→ YOUR TASK:
Every line of the material needs an exact copy, apart from the images.

→ DATASET EXCERPT:

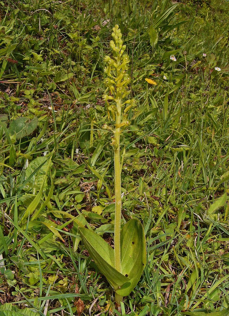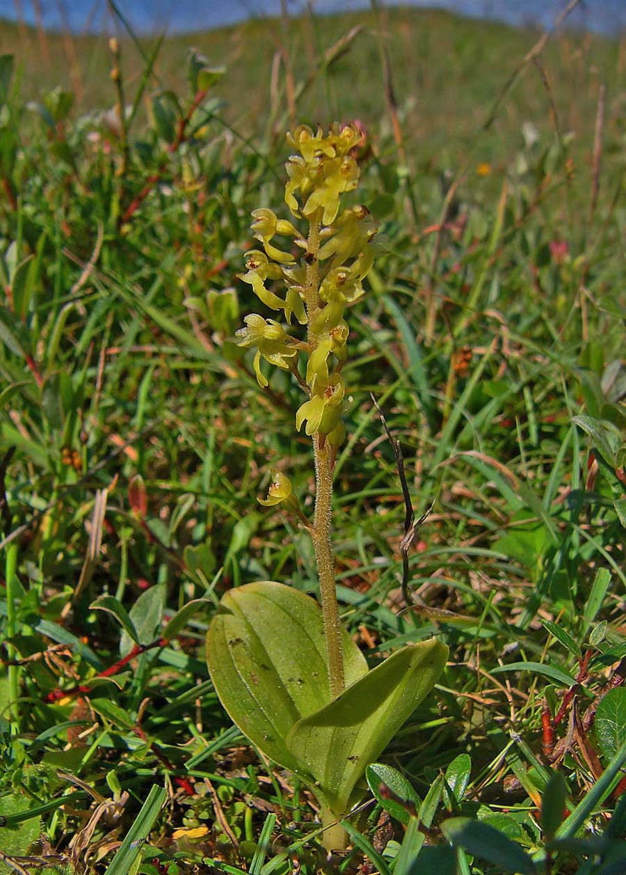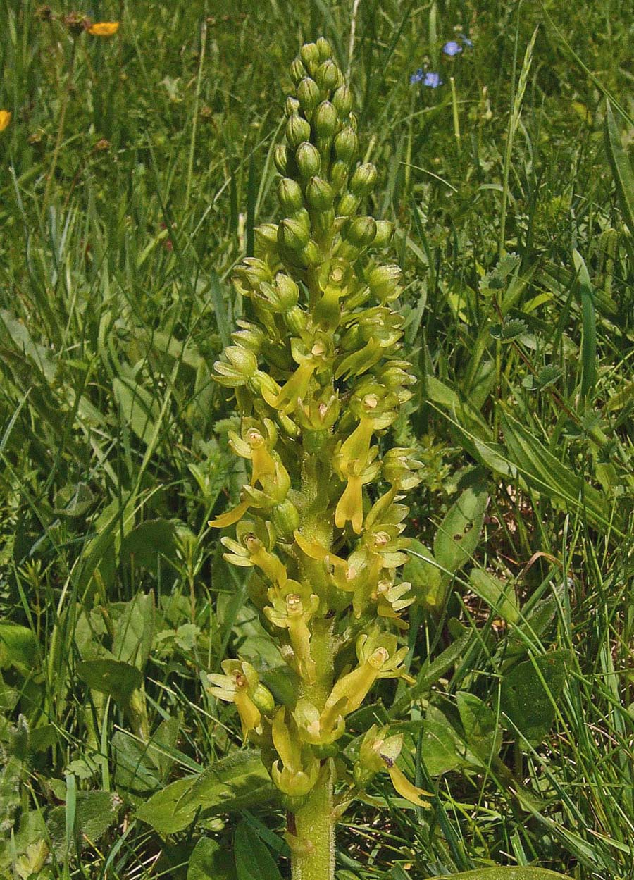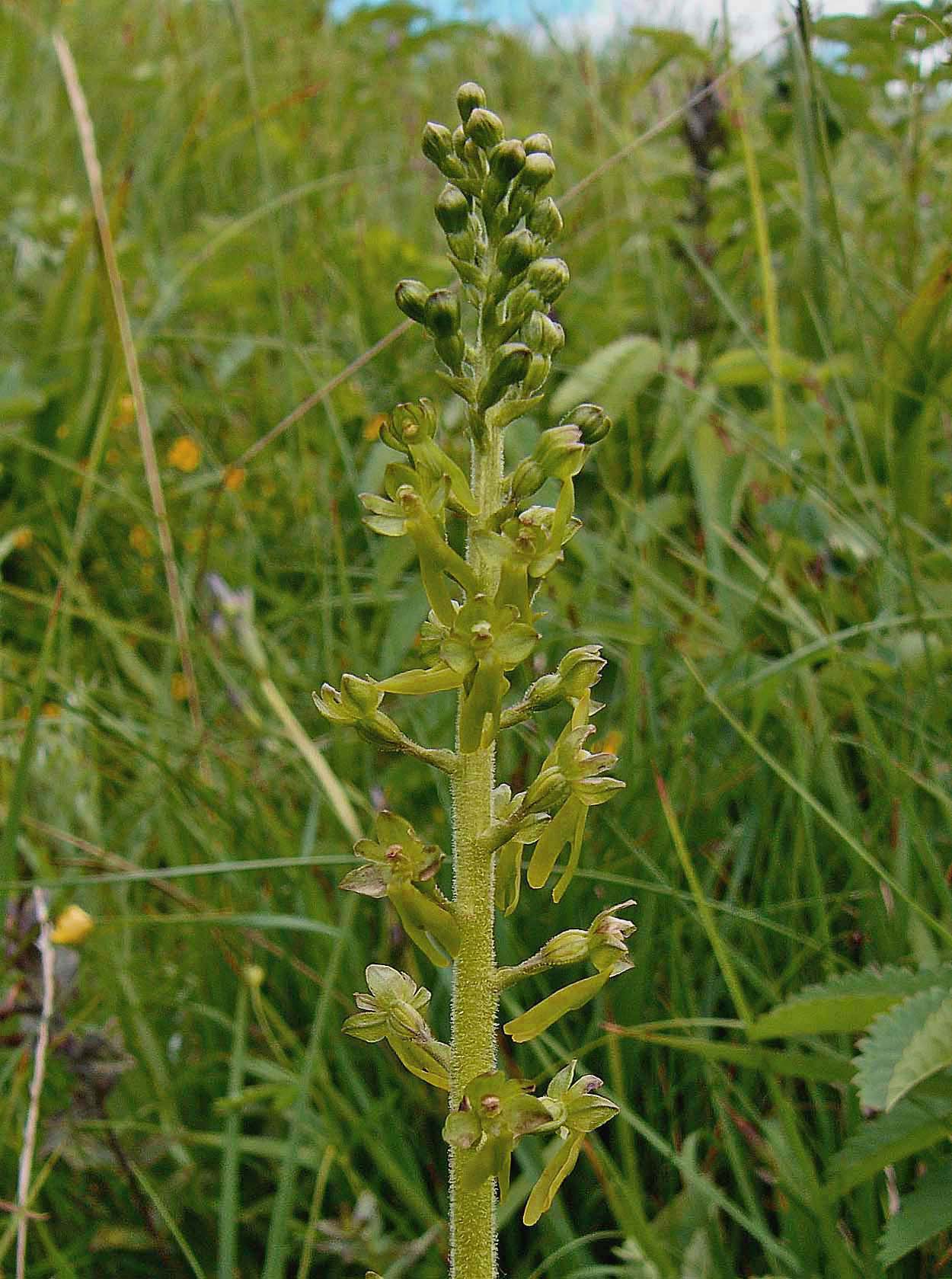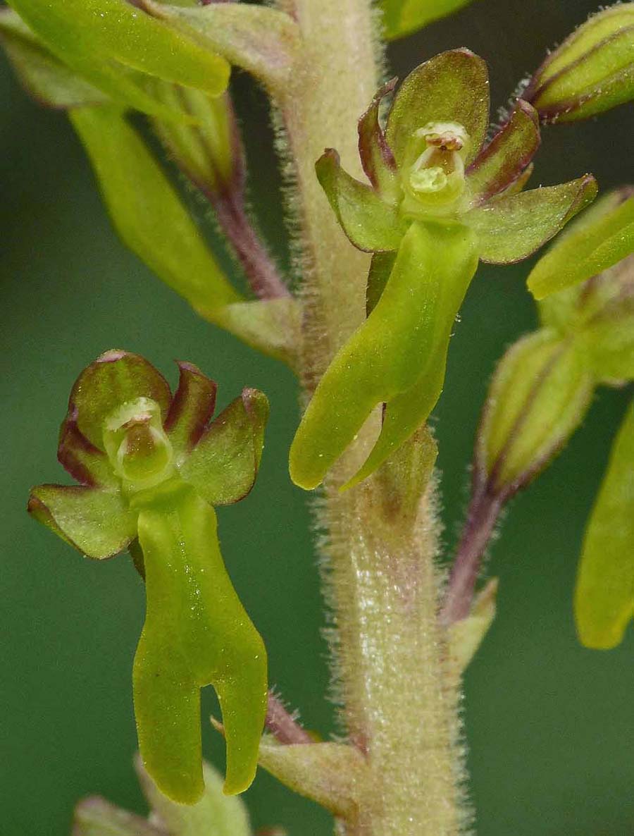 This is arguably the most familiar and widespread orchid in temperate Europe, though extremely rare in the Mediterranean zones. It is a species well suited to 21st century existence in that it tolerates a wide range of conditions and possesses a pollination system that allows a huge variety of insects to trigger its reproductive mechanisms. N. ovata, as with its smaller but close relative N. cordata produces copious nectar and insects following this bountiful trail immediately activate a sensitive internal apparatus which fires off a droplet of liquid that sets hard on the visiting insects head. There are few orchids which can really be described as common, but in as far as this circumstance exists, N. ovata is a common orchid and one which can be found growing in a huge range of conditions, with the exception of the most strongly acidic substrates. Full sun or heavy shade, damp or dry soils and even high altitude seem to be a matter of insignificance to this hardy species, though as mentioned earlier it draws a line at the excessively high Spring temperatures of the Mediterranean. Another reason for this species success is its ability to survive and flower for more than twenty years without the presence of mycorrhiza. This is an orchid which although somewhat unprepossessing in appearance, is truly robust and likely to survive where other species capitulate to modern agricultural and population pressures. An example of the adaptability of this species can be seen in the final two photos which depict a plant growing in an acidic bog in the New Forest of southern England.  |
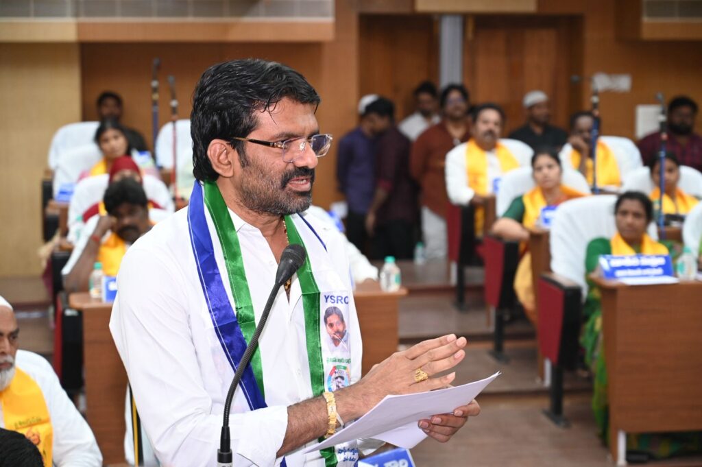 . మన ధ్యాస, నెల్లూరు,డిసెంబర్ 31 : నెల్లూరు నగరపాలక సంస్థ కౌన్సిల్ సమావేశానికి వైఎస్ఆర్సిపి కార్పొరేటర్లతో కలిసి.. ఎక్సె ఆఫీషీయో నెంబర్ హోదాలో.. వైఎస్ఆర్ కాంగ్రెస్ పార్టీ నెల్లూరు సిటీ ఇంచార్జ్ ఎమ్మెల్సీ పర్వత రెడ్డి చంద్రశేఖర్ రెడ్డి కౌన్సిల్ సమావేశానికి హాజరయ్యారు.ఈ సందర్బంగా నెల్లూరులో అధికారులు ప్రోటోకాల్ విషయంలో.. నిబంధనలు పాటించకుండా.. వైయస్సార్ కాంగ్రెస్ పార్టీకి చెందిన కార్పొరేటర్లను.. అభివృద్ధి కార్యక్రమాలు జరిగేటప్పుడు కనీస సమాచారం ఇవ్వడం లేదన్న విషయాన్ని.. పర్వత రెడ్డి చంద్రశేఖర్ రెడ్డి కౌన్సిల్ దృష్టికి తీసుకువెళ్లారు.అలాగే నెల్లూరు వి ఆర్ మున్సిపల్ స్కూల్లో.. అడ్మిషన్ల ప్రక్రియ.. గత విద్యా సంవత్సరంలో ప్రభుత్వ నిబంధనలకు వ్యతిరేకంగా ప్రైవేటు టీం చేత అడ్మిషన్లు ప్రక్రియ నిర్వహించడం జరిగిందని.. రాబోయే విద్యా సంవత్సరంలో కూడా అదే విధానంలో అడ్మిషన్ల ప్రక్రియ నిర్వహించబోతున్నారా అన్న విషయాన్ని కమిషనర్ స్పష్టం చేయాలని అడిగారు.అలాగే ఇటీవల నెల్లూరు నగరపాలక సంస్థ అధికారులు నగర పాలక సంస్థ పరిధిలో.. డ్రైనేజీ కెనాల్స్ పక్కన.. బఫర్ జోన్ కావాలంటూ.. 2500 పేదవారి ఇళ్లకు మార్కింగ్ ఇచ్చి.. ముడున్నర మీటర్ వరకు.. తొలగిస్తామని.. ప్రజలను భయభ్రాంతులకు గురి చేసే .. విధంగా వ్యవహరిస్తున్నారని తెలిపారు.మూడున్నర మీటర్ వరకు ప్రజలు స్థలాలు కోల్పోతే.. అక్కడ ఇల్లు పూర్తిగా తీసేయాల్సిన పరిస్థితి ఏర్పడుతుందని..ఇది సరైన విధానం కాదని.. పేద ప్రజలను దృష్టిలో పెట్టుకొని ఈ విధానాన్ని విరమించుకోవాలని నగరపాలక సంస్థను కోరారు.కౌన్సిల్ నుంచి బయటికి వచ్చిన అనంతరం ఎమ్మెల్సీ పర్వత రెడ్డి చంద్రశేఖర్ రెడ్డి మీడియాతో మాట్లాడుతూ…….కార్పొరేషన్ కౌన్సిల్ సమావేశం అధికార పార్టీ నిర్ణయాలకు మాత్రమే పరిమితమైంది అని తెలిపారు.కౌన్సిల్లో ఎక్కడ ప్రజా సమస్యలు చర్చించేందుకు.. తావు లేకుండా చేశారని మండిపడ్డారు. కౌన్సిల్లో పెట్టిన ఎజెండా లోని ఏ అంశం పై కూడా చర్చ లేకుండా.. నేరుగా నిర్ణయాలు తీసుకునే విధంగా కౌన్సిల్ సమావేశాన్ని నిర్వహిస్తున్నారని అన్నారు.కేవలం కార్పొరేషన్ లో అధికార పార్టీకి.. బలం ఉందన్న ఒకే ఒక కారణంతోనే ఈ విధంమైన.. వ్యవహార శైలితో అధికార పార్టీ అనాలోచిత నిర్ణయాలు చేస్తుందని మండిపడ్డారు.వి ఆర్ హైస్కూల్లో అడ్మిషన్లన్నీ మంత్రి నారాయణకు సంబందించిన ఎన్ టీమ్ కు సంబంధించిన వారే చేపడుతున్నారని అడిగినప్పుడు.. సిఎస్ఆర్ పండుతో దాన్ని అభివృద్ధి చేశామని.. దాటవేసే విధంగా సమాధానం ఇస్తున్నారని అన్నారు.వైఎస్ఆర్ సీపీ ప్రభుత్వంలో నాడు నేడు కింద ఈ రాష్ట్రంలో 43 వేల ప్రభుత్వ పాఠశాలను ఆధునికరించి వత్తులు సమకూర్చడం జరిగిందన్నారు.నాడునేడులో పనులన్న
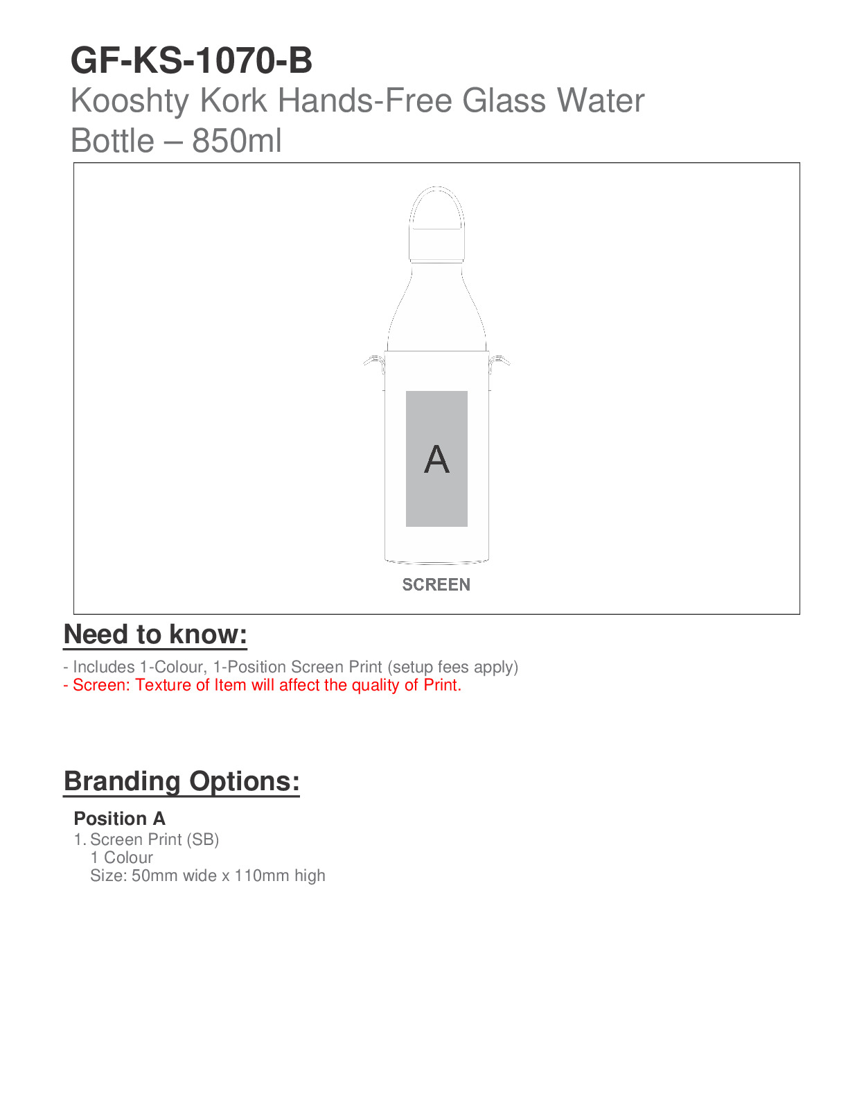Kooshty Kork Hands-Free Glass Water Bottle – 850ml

→ ANSWER AREA:
 This is arguably the most familiar and widespread orchid in temperate Europe, though extremely rare in the Mediterranean zones. It is a species well suited to 21st century existence in that it tolerates a wide range of conditions and possesses a pollination system that allows a huge variety of insects to trigger its reproductive mechanisms. N. ovata, as with its smaller but close relative N. cordata produces copious nectar and insects following this bountiful trail immediately activate a sensitive internal apparatus which fires off a droplet of liquid that sets hard on the visiting insects head. There are few orchids which can really be described as common, but in as far as this circumstance exists, N. ovata is a common orchid and one which can be found growing in a huge range of conditions, with the exception of the most strongly acidic substrates. Full sun or heavy shade, damp or dry soils and even high altitude seem to be a matter of insignificance to this hardy species, though as mentioned earlier it draws a line at the excessively high Spring temperatures of the Mediterranean. Another reason for this species success is its ability to survive and flower for more than twenty years without the presence of mycorrhiza. This is an orchid which although somewhat unprepossessing in appearance, is truly robust and likely to survive where other species capitulate to modern agricultural and population pressures. An example of the adaptability of this species can be seen in the final two photos which depict a plant growing in an acidic bog in the New Forest of southern England.  |
 . మన ధ్యాస, నెల్లూరు,డిసెంబర్ 31 : నెల్లూరు నగరపాలక సంస్థ కౌన్సిల్ సమావేశానికి వైఎస్ఆర్సిపి కార్పొరేటర్లతో కలిసి.. ఎక్సె ఆఫీషీయో నెంబర్ హోదాలో.. వైఎస్ఆర్ కాంగ్రెస్ పార్టీ నెల్లూరు సిటీ ఇంచార్జ్ ఎమ్మెల్సీ పర్వత రెడ్డి చంద్రశేఖర్ రెడ్డి కౌన్సిల్ సమావేశానికి హాజరయ్యారు.ఈ సందర్బంగా నెల్లూరులో అధికారులు ప్రోటోకాల్ విషయంలో.. నిబంధనలు పాటించకుండా.. వైయస్సార్ కాంగ్రెస్ పార్టీకి చెందిన కార్పొరేటర్లను.. అభివృద్ధి కార్యక్రమాలు జరిగేటప్పుడు కనీస సమాచారం ఇవ్వడం లేదన్న విషయాన్ని.. పర్వత రెడ్డి చంద్రశేఖర్ రెడ్డి కౌన్సిల్ దృష్టికి తీసుకువెళ్లారు.అలాగే నెల్లూరు వి ఆర్ మున్సిపల్ స్కూల్లో.. అడ్మిషన్ల ప్రక్రియ.. గత విద్యా సంవత్సరంలో ప్రభుత్వ నిబంధనలకు వ్యతిరేకంగా ప్రైవేటు టీం చేత అడ్మిషన్లు ప్రక్రియ నిర్వహించడం జరిగిందని.. రాబోయే విద్యా సంవత్సరంలో కూడా అదే విధానంలో అడ్మిషన్ల ప్రక్రియ నిర్వహించబోతున్నారా అన్న విషయాన్ని కమిషనర్ స్పష్టం చేయాలని అడిగారు.అలాగే ఇటీవల నెల్లూరు నగరపాలక సంస్థ అధికారులు నగర పాలక సంస్థ పరిధిలో.. డ్రైనేజీ కెనాల్స్ పక్కన.. బఫర్ జోన్ కావాలంటూ.. 2500 పేదవారి ఇళ్లకు మార్కింగ్ ఇచ్చి.. ముడున్నర మీటర్ వరకు.. తొలగిస్తామని.. ప్రజలను భయభ్రాంతులకు గురి చేసే .. విధంగా వ్యవహరిస్తున్నారని తెలిపారు.మూడున్నర మీటర్ వరకు ప్రజలు స్థలాలు కోల్పోతే.. అక్కడ ఇల్లు పూర్తిగా తీసేయాల్సిన పరిస్థితి ఏర్పడుతుందని..ఇది సరైన విధానం కాదని.. పేద ప్రజలను దృష్టిలో పెట్టుకొని ఈ విధానాన్ని విరమించుకోవాలని నగరపాలక సంస్థను కోరారు.కౌన్సిల్ నుంచి బయటికి వచ్చిన అనంతరం ఎమ్మెల్సీ పర్వత రెడ్డి చంద్రశేఖర్ రెడ్డి మీడియాతో మాట్లాడుతూ…….కార్పొరేషన్ కౌన్సిల్ సమావేశం అధికార పార్టీ నిర్ణయాలకు మాత్రమే పరిమితమైంది అని తెలిపారు.కౌన్సిల్లో ఎక్కడ ప్రజా సమస్యలు చర్చించేందుకు.. తావు లేకుండా చేశారని మండిపడ్డారు. కౌన్సిల్లో పెట్టిన ఎజెండా లోని ఏ అంశం పై కూడా చర్చ లేకుండా.. నేరుగా నిర్ణయాలు తీసుకునే విధంగా కౌన్సిల్ సమావేశాన్ని నిర్వహిస్తున్నారని అన్నారు.కేవలం కార్పొరేషన్ లో అధికార పార్టీకి.. బలం ఉందన్న ఒకే ఒక కారణంతోనే ఈ విధంమైన.. వ్యవహార శైలితో అధికార పార్టీ అనాలోచిత నిర్ణయాలు చేస్తుందని మండిపడ్డారు.వి ఆర్ హైస్కూల్లో అడ్మిషన్లన్నీ మంత్రి నారాయణకు సంబందించిన ఎన్ టీమ్ కు సంబంధించిన వారే చేపడుతున్నారని అడిగినప్పుడు.. సిఎస్ఆర్ పండుతో దాన్ని అభివృద్ధి చేశామని.. దాటవేసే విధంగా సమాధానం ఇస్తున్నారని అన్నారు.వైఎస్ఆర్ సీపీ ప్రభుత్వంలో నాడు నేడు కింద ఈ రాష్ట్రంలో 43 వేల ప్రభుత్వ పాఠశాలను ఆధునికరించి వత్తులు సమకూర్చడం జరిగిందన్నారు.నాడునేడులో పనులన్న
Kooshty Kork Hands-Free Glass Water Bottle – 850ml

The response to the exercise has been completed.